Tuesday Workout

stayceX
on 7/12/05 2:03 am - Baltimore, MD
10 min bike 12 mins of sprint intervals (3 min sprint, 1 min walk, 3min sprint, 1 min walk, 3 min sprint, 1 min walk - Sprint was 6.8 mph, walk is 3.0 mph on the treadmill). 30 min lifting similar routine as Sundays ---------------------------------------------- Standing row in squat on free motion machine supersetted with regular Squats on squat machine 15X3 Ball Crunch into chest press on free motion machine 15X 3 Cable Cross Machine Lumberjack supersetted w/ medicine ball hard as I can throw to ground, catch and drop into squat back to stand and then lift over head for shoulder press 15X 3 10 minutes cool down cardio on arc trainer Really high intensity workout today...too high. I hit 178 Heart Rate which is probably my max or very close and got sick to my tummy and had a bright pink face for about 20 minutes after. The high heart rate carried through during the lifting too. It didn't get lower than 150. I really needed that cool down cardio. I think it was starting off with the sprint intervals that killed me. I need to do a 1:1 ratio with the sprint walks. The 1 min walk didn't let me recover enough back to a lower heart rate. Maybe try 3 min sprint, 3 min walk and see how that goes next time. Anyone else doing sprints or interval heart rate training for cardio?
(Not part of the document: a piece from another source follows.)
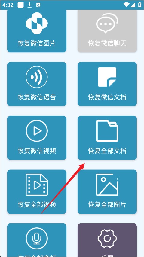 打开恢复软件 → 在首页点击「恢复全部文档」选项(或类似功能入口)。
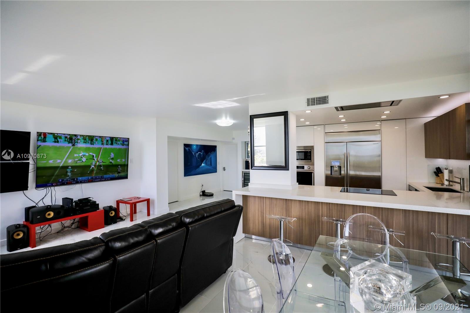 Amazing Bay views including the sunrise and sunset. This modern renovated 2Bed/2Bath/1HalfBath corner unit features a new kitchen with top of the line finishes and appliances, LED lighting in all the right places, new full bar with wine cooler, sink, and ice maker, opened up floor plan with new floors, new bathrooms, shutters for all windows, extra secure front door, dual central a/c units, large master suites, and large closets. The building's amenities include security at front gate, security is present 24/7, tennis courts, pool, children playground, gym, complimentary valet parking, and plenty of guest parking. The building is within minutes of Bay Harbor, Miami Beach, Grocery Stores, Fine Dining, Shopping, and More.

Just curious what other people are doing.
mikee
on 7/12/05 2:27 pm - Zinfandel, CA
Kicking butt Stayce, I do intervals on the Norditrack, but only 4-6 times a month, kicks my ass. I do sprint here and there every time I do the Norditrack, but just to keep the heart rate up if it starts dropping ( a problem I never used to have, but now if I am not really working, my heart rate begins to drop, does that mean I am getting fit?)
stayceX
on 7/13/05 12:11 am - Baltimore, MD
Man.. I have not been on a nordictrack in ages. That was a good workout. I am hoping to do some real skiing this winter. All my life I've never done any downhill skiing and have always wanted to try. The last few years I let my weight get in the way. Now I will have no excuses! Ha.. that is a great problem to have. Even when I lift I try not to let it go lower than 120 during and between sets but sometimes that's hard. I think doing the compound movements and doing more standing then sitting and laying whenever possible also helps to keep it up. Squats always gets it up really high.. like 165. For example, if I do my rows on the cable cross and hold in a squat position instead of sitting and using the traditional row machines (hammer strength or cybex) that seems to help too.